La governance dell’IA tocca molte aree funzionali all’interno dell’azienda: privacy dei dati, bias degli algoritmi, conformità, etica e molto altro. Di conseguenza, affrontare la governance dell’uso delle tecnologie di intelligenza artificiale richiede un’azione a molti livelli. “Non inizia a livello IT o di progetto” afferma Kamlesh Mhashilkar, responsabile della pratica di analytics e dati presso Tata Consultancy Services. “La governance dell’AI avviene anche a livello di governo, a livello di consiglio di amministrazione ea livello di CSO”.

Nell’assistenza sanitaria, ad esempio, i modelli di intelligenza artificiale devono superare controlli e ispezioni rigorosi.
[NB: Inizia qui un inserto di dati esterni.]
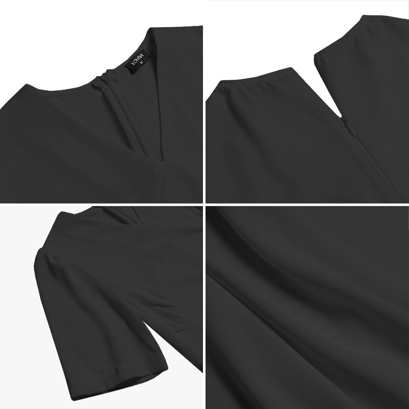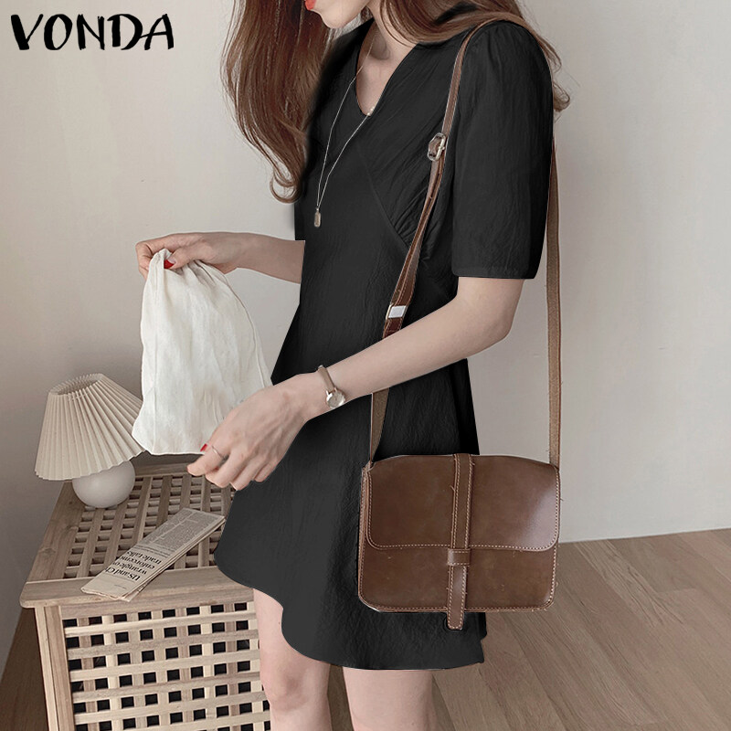 VONDA Women Casual Short Sleeve V Neck Holiday Plain Dress Fashion Pleated Party Short Dresses (Korean Causal)
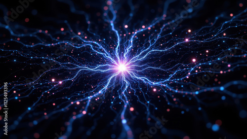Naklejka premium Captivating celestial display with vibrant blue and purple hues resembling cosmic activity within a nebula, featuring RAG, Retrieval Augmented Generation.
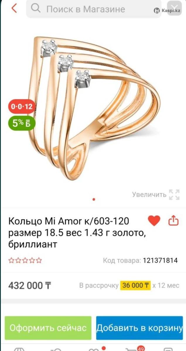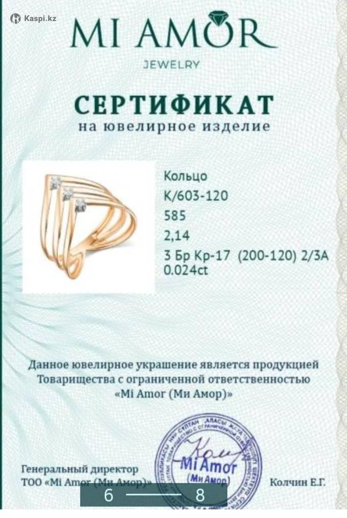 Кольцо новое, не носила. Российское золото, вес 2.14, проба 585, три бриллианта по 0.024 ct, размер 18. В магазине стоит в два раза дороже. За дополнительной информацией пишите в по указанному номеру.
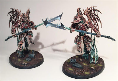 The painting and color choices on these are great. The red and bone go really well together and are perfectly complemented by the ghostly green colors. The amount of contrast between the darks and the lights on each color is pretty insane, and it's all done so perfectly. It's definitely a stylized look but it looks great and makes the models pop and grab your attention. The level of intensity with the colors, and reflective highlights, and the contrasts between light and dark within such small spans are what secured these guys the second place spot.
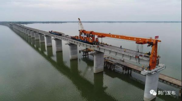 2018年12月3日,经过425天的艰辛施工,蒙华铁路跨长湖特大桥悬灌梁顺利实现合龙。长湖特大桥全长4022.56m,有桥墩台119座,31#-33#主墩悬灌梁全长321.5米,跨越长湖Ⅲ级航道,是蒙华铁路湖北段最大的水上连续梁。
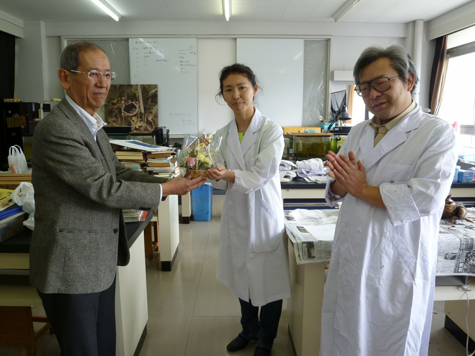 左から、山崎(33)、藤井先生、加藤(57)。
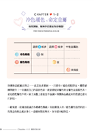 這本書裡,是十多年來在珠寶設計、飾品搭配累積的實戰經驗,以及個人形象風格與個人色彩的專業。每一個人都能透過書中的系統檢測與分析,了解自己的命定色彩、顏型、骨架等與生俱來的美麗 DNA,透過一個一個章節的帶領,循序漸進地找出最符合自己的搭配風格。
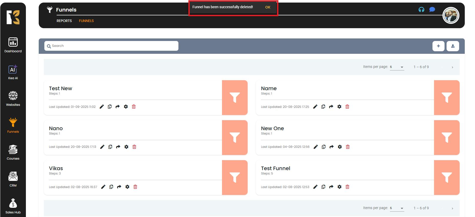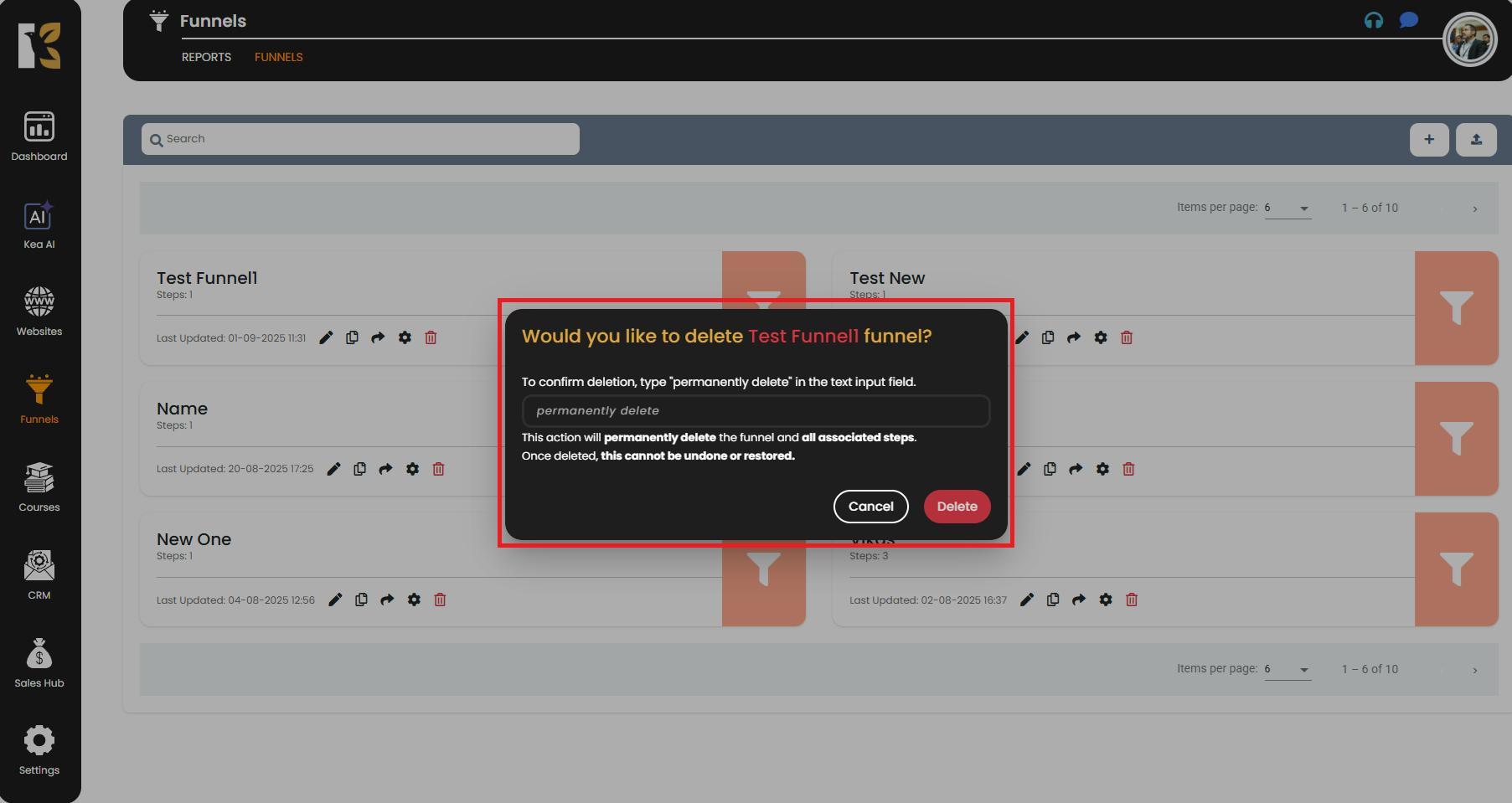 - KeaBuilder will verify and, once authenticated, will permanently delete the selected funnel.
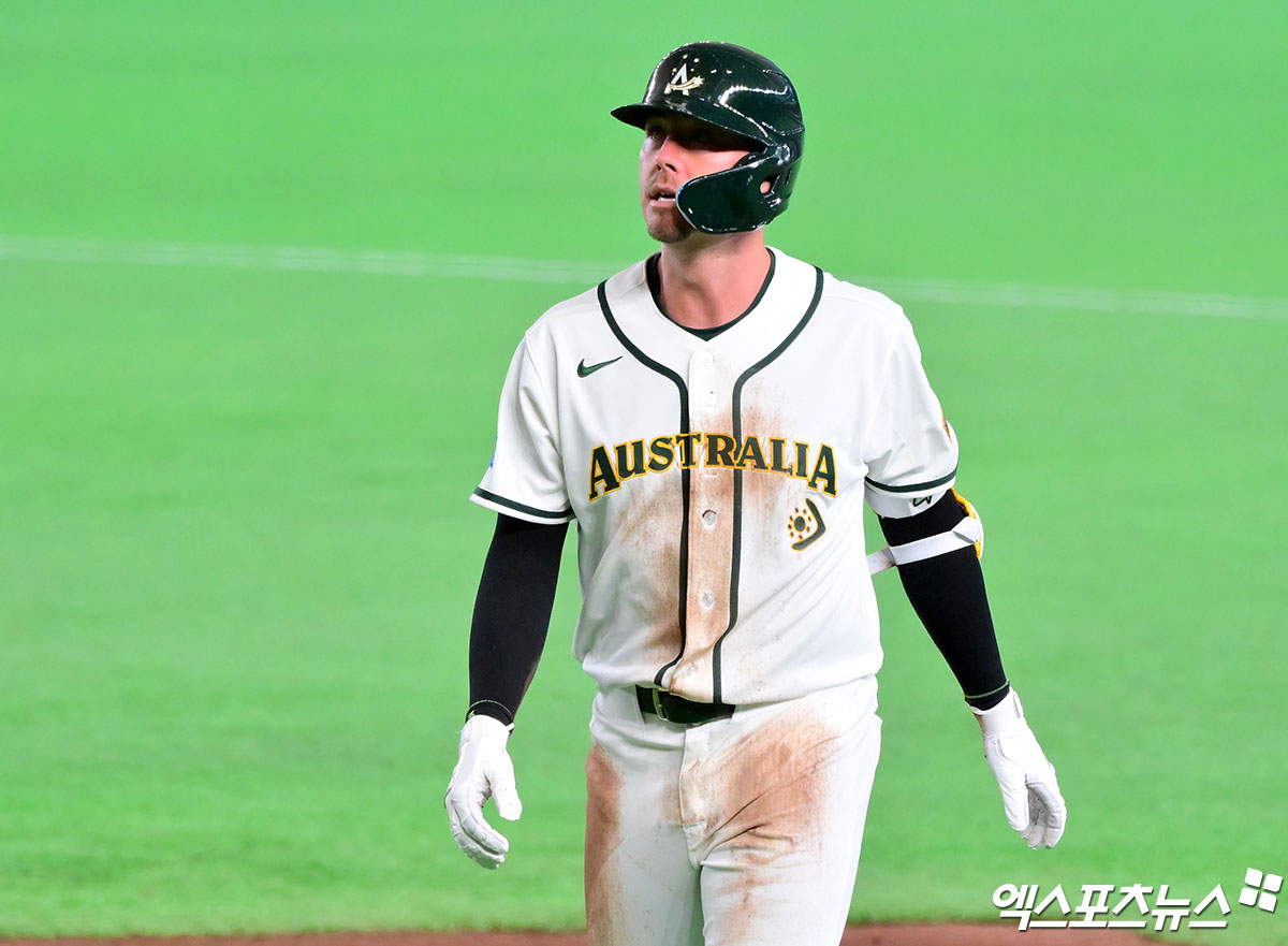 (엑스포츠뉴스 도쿄(일본), 김한준 기자) 5일 오후 일본 도쿄돔에서 열린 2026 월드베이스볼클래식(WBC) C조 대만과 호주의 경기, 4회말 2사 호주 데일(KIA)이 내야땅볼로 아웃된 후 더그아웃으로 향하고 있다.

Anche molti altri settori hanno normative applicabili. “E a livello di board, si tratta di comportamenti economici”, dice Mhashilkar. “Che tipo di rischi corri quando introduci l’intelligenza artificiale?”

Per quanto riguarda la C-suite, le agende dell’AI sono guidate da uno scopo. Ad esempio, il CFO sarà in sintonia con il valore e la redditività degli stakeholder. Anche i CIO e i Chief Data Officer sono stakeholder chiave, così come i responsabili del marketing e della conformità. E questo per non parlare di clienti e fornitori.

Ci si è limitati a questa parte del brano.